Splitting numbers and letters from a string misses zeroes - powershell

I am processing a time value that arrives in a string that starts with a T then is followed by a series of numbers immediately followed by the unit for each number. For example, 8 hours and 22 minutes will come in as T8H22M and 3 hours, 2 minutes, and 1 second will be T3H2M1S.
I need to split this encoded value into separate H/M/S columns, but I am having issues getting zeroes to work properly.
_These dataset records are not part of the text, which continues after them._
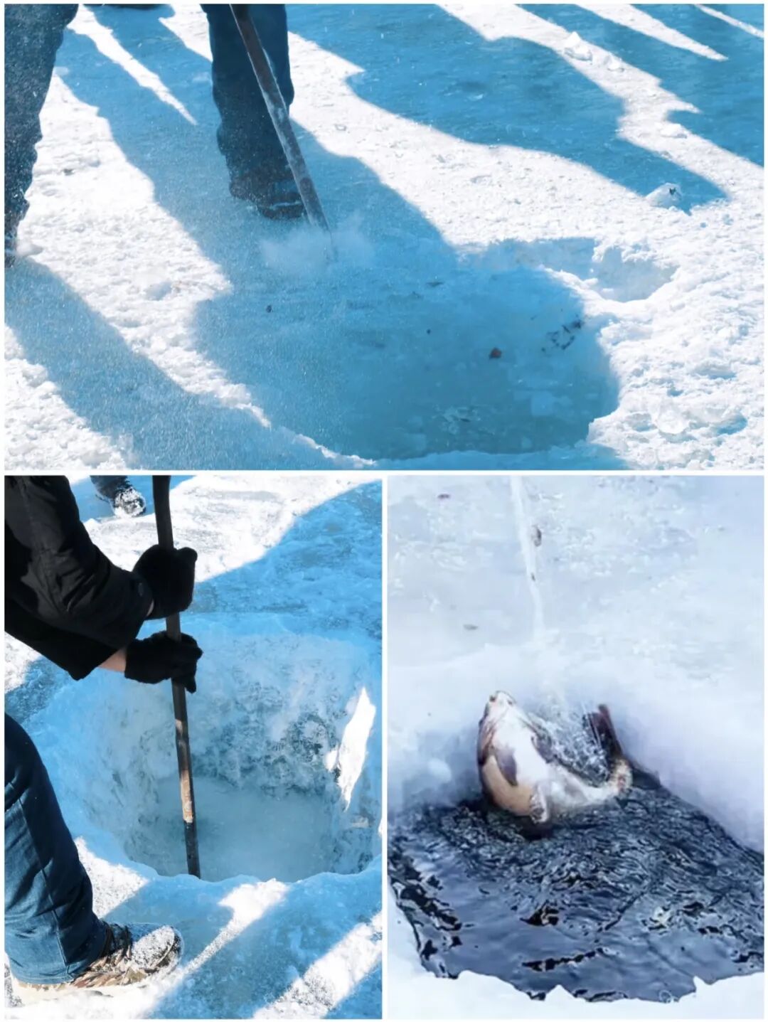 多伦湖的冬捕延续了古老的千年渔猎文化,早在一千多年前的辽金时代,这里就已盛行冬捕,直到今天,冰上渔猎仍然是当地传统的生产习俗。渔民们打眼、破冰、下网,水下走杆,一招一式按照传统步骤逐一还原冬捕过程。
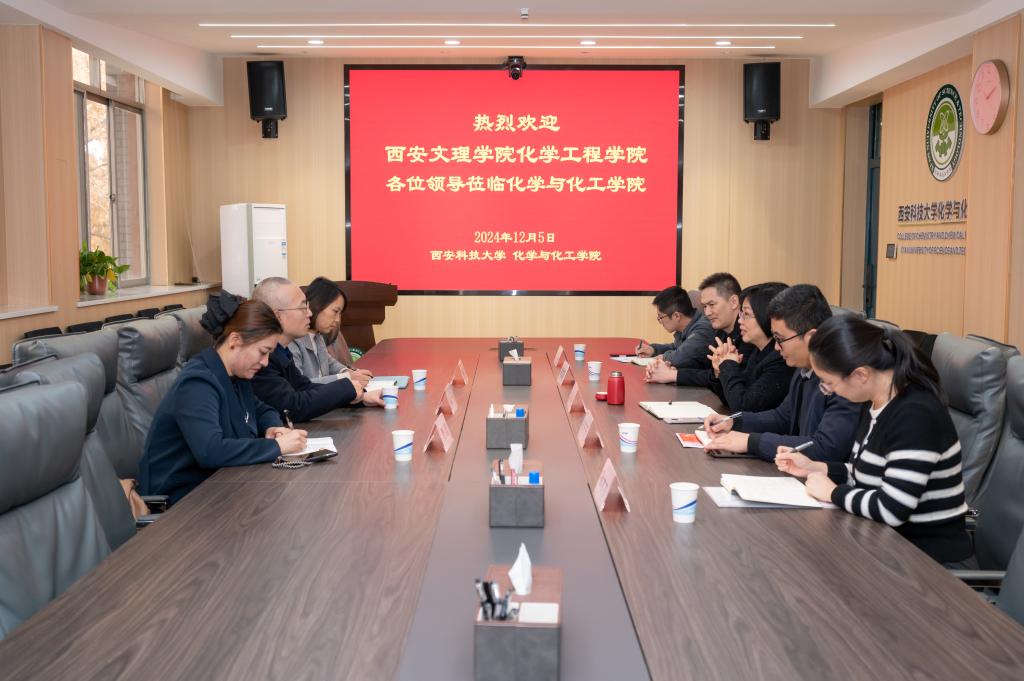12月5日下午,西安文理公司化学工程公司经理翟云会、科研副经理屈颖娟、应用化学系主任贾园等一行3人来公司w88win体育官网入口进行学科专业调研、座谈交流。w88win体育官网入口经理张亚婷教授、周文英教授、张宁宁、贾嘉、孙才力出席会议,会议由张亚婷主持。
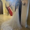 Crafted from luxurious tulle, this floor-length masterpiece shimmers with intricate beading, crystals, and embroidery that catches the light with every movement. The low back adds a touch of sensuality, ensuring that this dress is memorable from every angle. The subtle sequins and pearls are thoughtfully placed, enhancing the overall aesthetic without overwhelming its refined elegance.
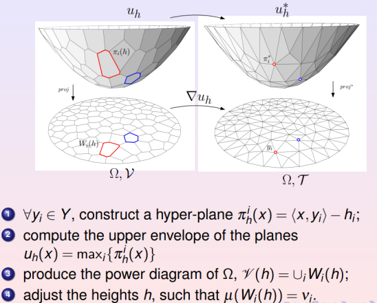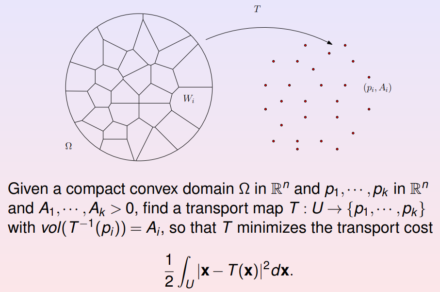 假设源概率分布为单位圆盘内的勒贝格测度,目标概率分布为离散的分布。求解最优传输映射等价于对单位圆盘进行胞腔分解,每个胞腔映射到一个目标采样点,使得胞腔的面积等于这个采样点对应的权重。我们在所有这样的胞腔分解之寻找总传输代价最少者。根据Brenier定理,这个半离散最优传输映射应该等于某个凸函数的梯度映射。
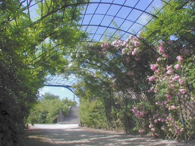 Armario enrejado y pérgola de claustro, treille 120m Muro de cerámica pintada a mano (15m) Teatro en enrejado cubierto de lona (estilo del siglo XVIII) Cascadas 40m 9 cascadas y 1500 rosales
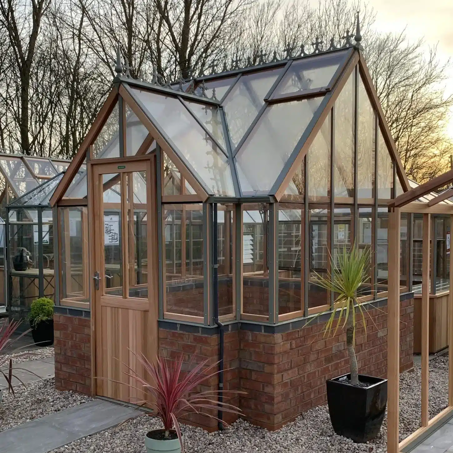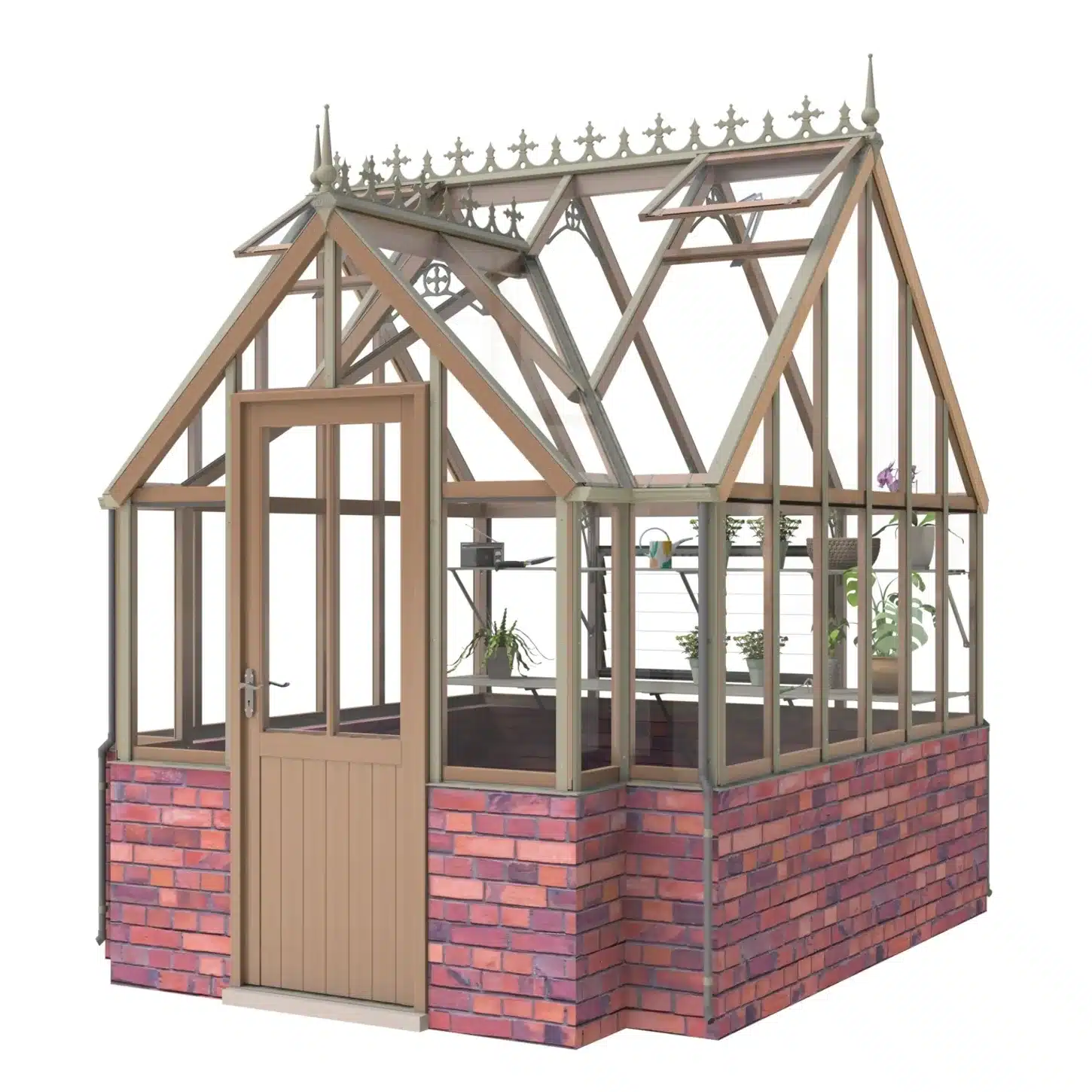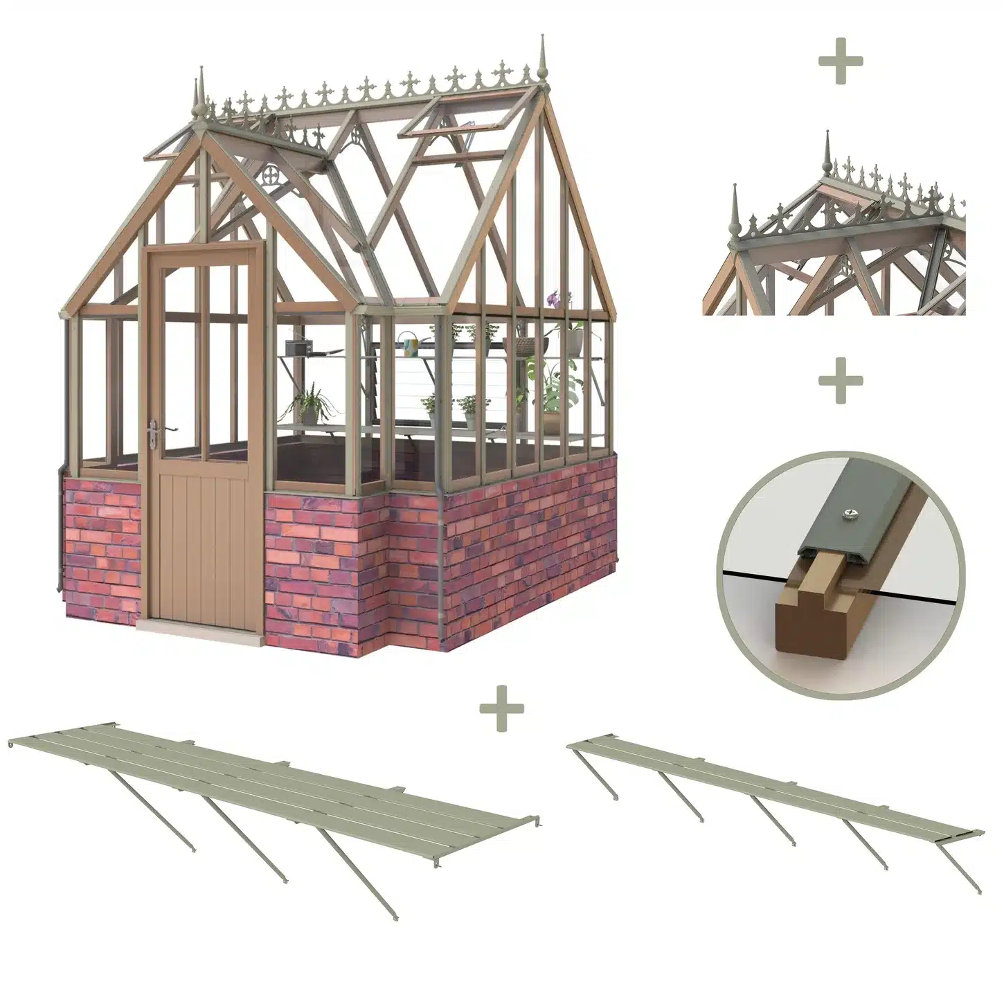 Tuotteet / Kasvihuoneet / Alton FSC setripuiset kasvihuoneet / Alton Elmhurst Cedar tiilimuurilla / Cambridge Cedar täyskorkeilla seinillä, 7,71 m2 kasvihuone

I am using this code from another Question here with similar (but not identical) requirements.
This script:
Write-Host $('T8H22M' -split { [bool]($_ -as [double]) })
Write-Host $('T8H22M' -split { ! [bool]($_ -as [double]) })
Write-Host $('T8H0M' -split { [bool]($_ -as [double]) })
Write-Host $('T8H0M' -split { ! [bool]($_ -as [double]) })
Write-Host $('T0H' -split { $_ -eq '0' })
Produces this output:
T H M
8 22
T H0M
8
T H
As you can see, any time the numerical value is zero the string just doesn't split. This is a real problem as zero-time comes in as T0H which just won't parse using the method above.
How can I modify the code above to also split out zero values?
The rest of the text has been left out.